Later that year, after Smith accepted a position in Baghdad with the Assyrian Antiquities Service and the Iraq Museum, he and his wife moved there, leaving Harry in England with a nurse. The couple became friends with Smith's colleague Max Mallowan and his wife, the novelist Agatha Christie. Even after the men's careers diverged, the two women remained friends, with Christie dedicating her novel The Moving Finger (1942) "To my Friends Sydney and Mary Smith". Christie owned Parker's painting New Street, Baghdad (1930), a gift from Parker, which was included when Christie's children donated her home, Greenway, and its contents to the National Trust in 2000. Mallowan refers to the painting in his memoirs.[6]
Smith became Keeper of Egyptian and Assyrian Antiquities at the British Museum in 1930, and so he and Parker returned to London, and a house they purchased at 7, Fellows Road, Belsize Park.
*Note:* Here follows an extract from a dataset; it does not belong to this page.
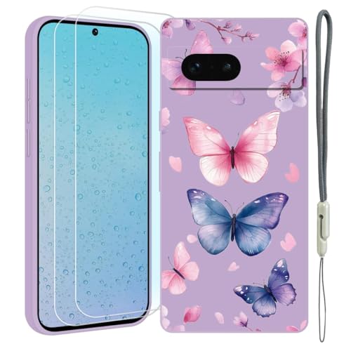 YonderYM Compatible avec Google Pixel 7A,Coque avec 2 Pieces Verres Trempés avec 5 Papillons Motif Housse de téléphone Protection Souple en Silicone Mince Bumper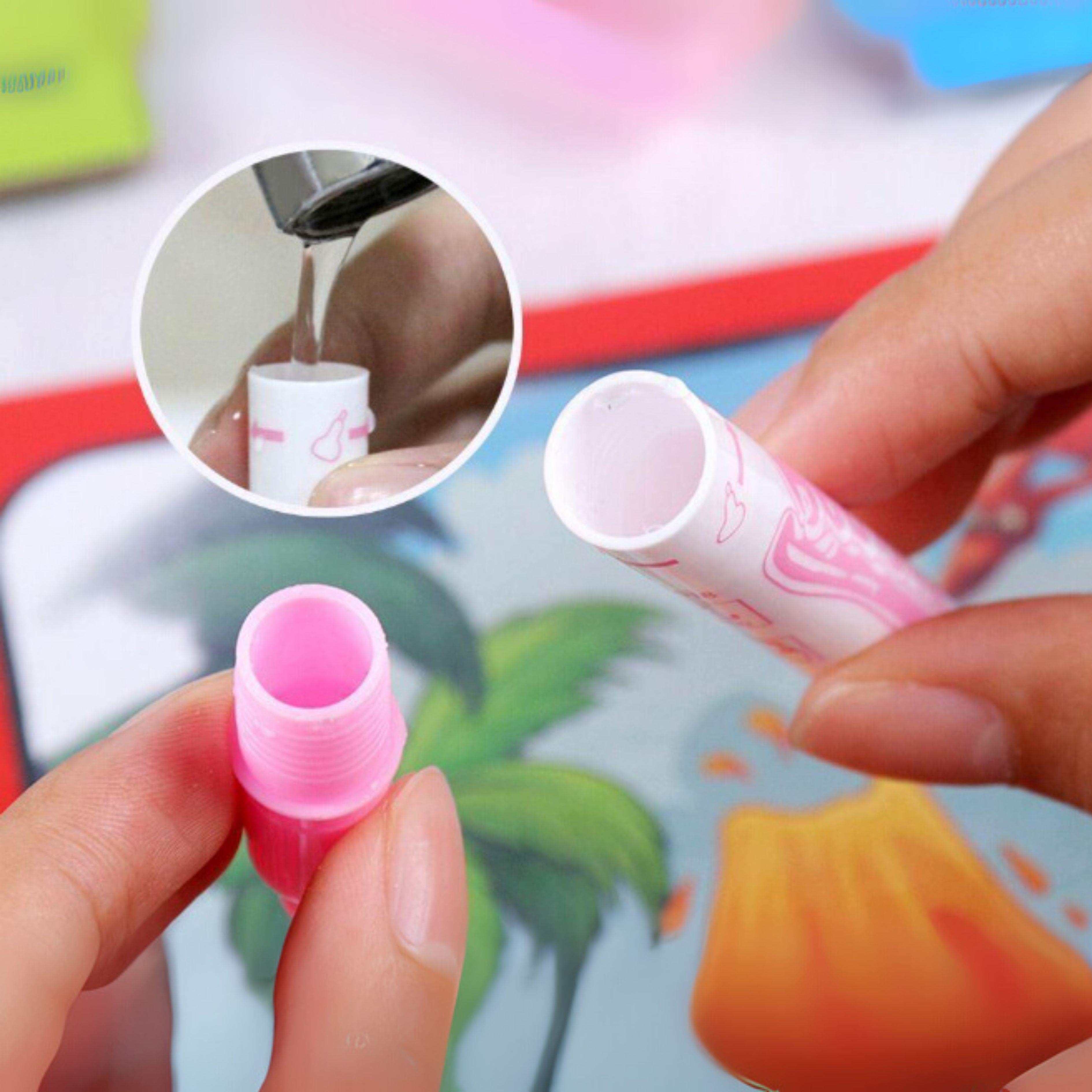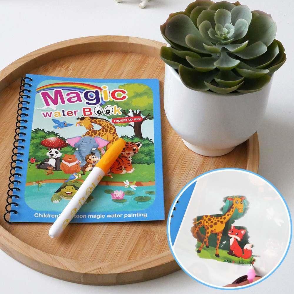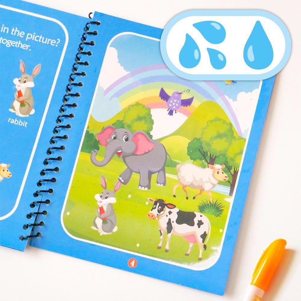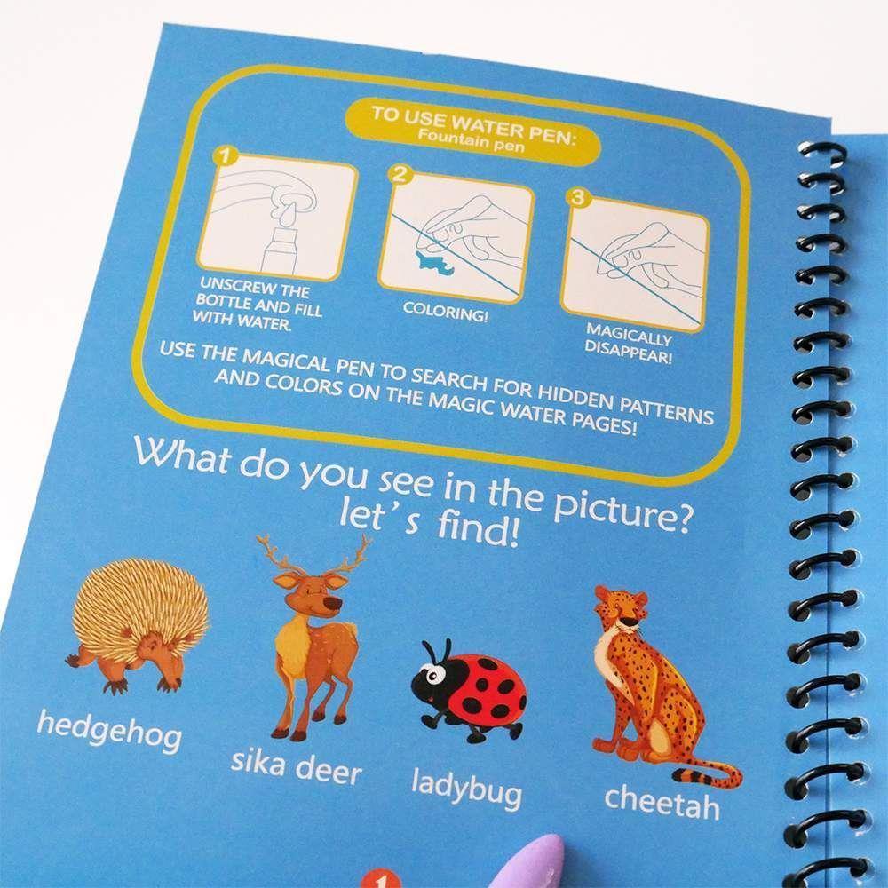 Oprócz zeszytu, częścią zestawu jest także magiczne pióro napełniane wodą. Wystarczy tylko usiąść i kilkoma pociągnięciami rozweselić obrazki. W ciągu kilku sekund z zwykłej białej kartki staje się piękne kolorowe widowisko. Malowanki są wielokrotnego użytku – kolory znikają po kilku minutach. Świetny pomysł na prezent.

Zoe, their daughter, was born there in 1933.
In March 1934, she exhibited jointly with Katherine Hartnell and Lilian Whitehead, for two weeks at the Beaux Arts Gallery.[7]
Many of Parker's canvases were destroyed in a 1941 air raid during World War II, which damaged the Belsize Park house so badly that it was uninhabitable, and later demolished. As a result, the family lived for a while in "No.1 Residence" at the British Museum. Following Smith's retirement from the museum in 1948, to become a professor at University College London, they moved to an apartment at 15 Courtfield Road, South Kensington.
Parker exhibited paintings, including portraits of both of her children, at the Royal Academy, in 1947 and 1948, and then either there or at the New English Art Club most years, until 1965. She was a member of the Women's International Art Club.
As an illustrator, her work often appeared in her husband's publications.[8] The couple retired to Barcombe in 1955.
She died on 11 September 1992[9] in Dalmeny, New South Wales, having moved to Australia to be with her daughter following Sidney's death in 1979, and her diagnosis with dementia. She was cremated there on 16 September.
Her works are in a number of public collections, including:
She variously signed her works, and exhibited, as "Mary W. Parker" (to circa 1939), "Mary Parker Smith", "Mary W. Smith" (up to 1951), or "Mary Smith" (from circa 1951). Some directories thus list her more than once.